- Cedar, Minnesota Location of the neighborhood of Cedar within the city of Oak Grove, Anoka County
- Coordinates: 45°19′11″N 93°17′10″W﻿ / ﻿45.31972°N 93.28611°W
- Country: United States
- State: Minnesota
- County: Anoka County
- Elevation: 902 ft (275 m)
- Time zone: UTC-6 (Central (CST))
- • Summer (DST): UTC-5 (CDT)
- ZIP code: 55011
- Area code: 763
- GNIS feature ID: 640984

= Cedar, Minnesota =

Cedar is a neighborhood of Oak Grove, Anoka County, Minnesota, United States. It was formally absorbed into the city of Oak Grove in 1993. Nearby places include the city of East Bethel. Cedar is located along Cedar Drive, on the south side of Viking Boulevard (Anoka County 22). Cedar Creek flows nearby.
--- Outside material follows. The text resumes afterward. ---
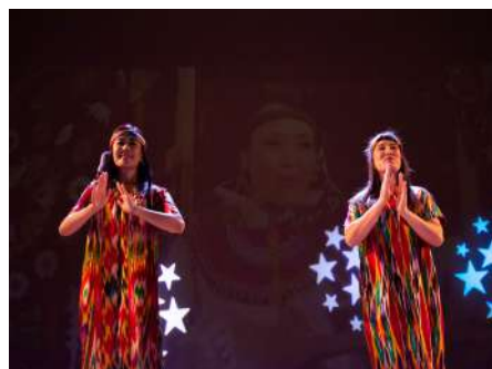
Выступление иностранных обучающихся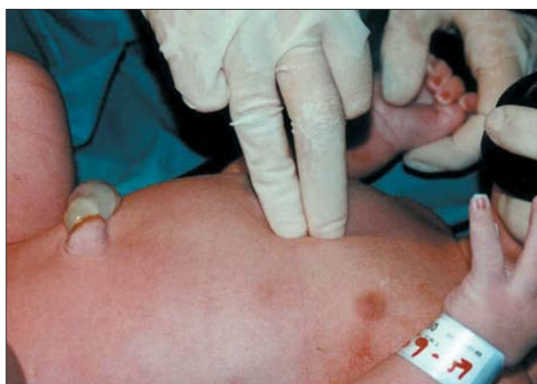
Figura 4. Masaje cardíaco. Técnica de los dos dedos.

Local businesses had included a cheese factory, still extant, and a station along the former Great Northern Railway. The neighborhood of Cedar is still distinct and identifiable, and signs mark its location, but it has officially been absorbed into the city of Oak Grove.

Cedar originally received its post office in 1899 under the name of Snapp, and changed its name to Cedar in 1900.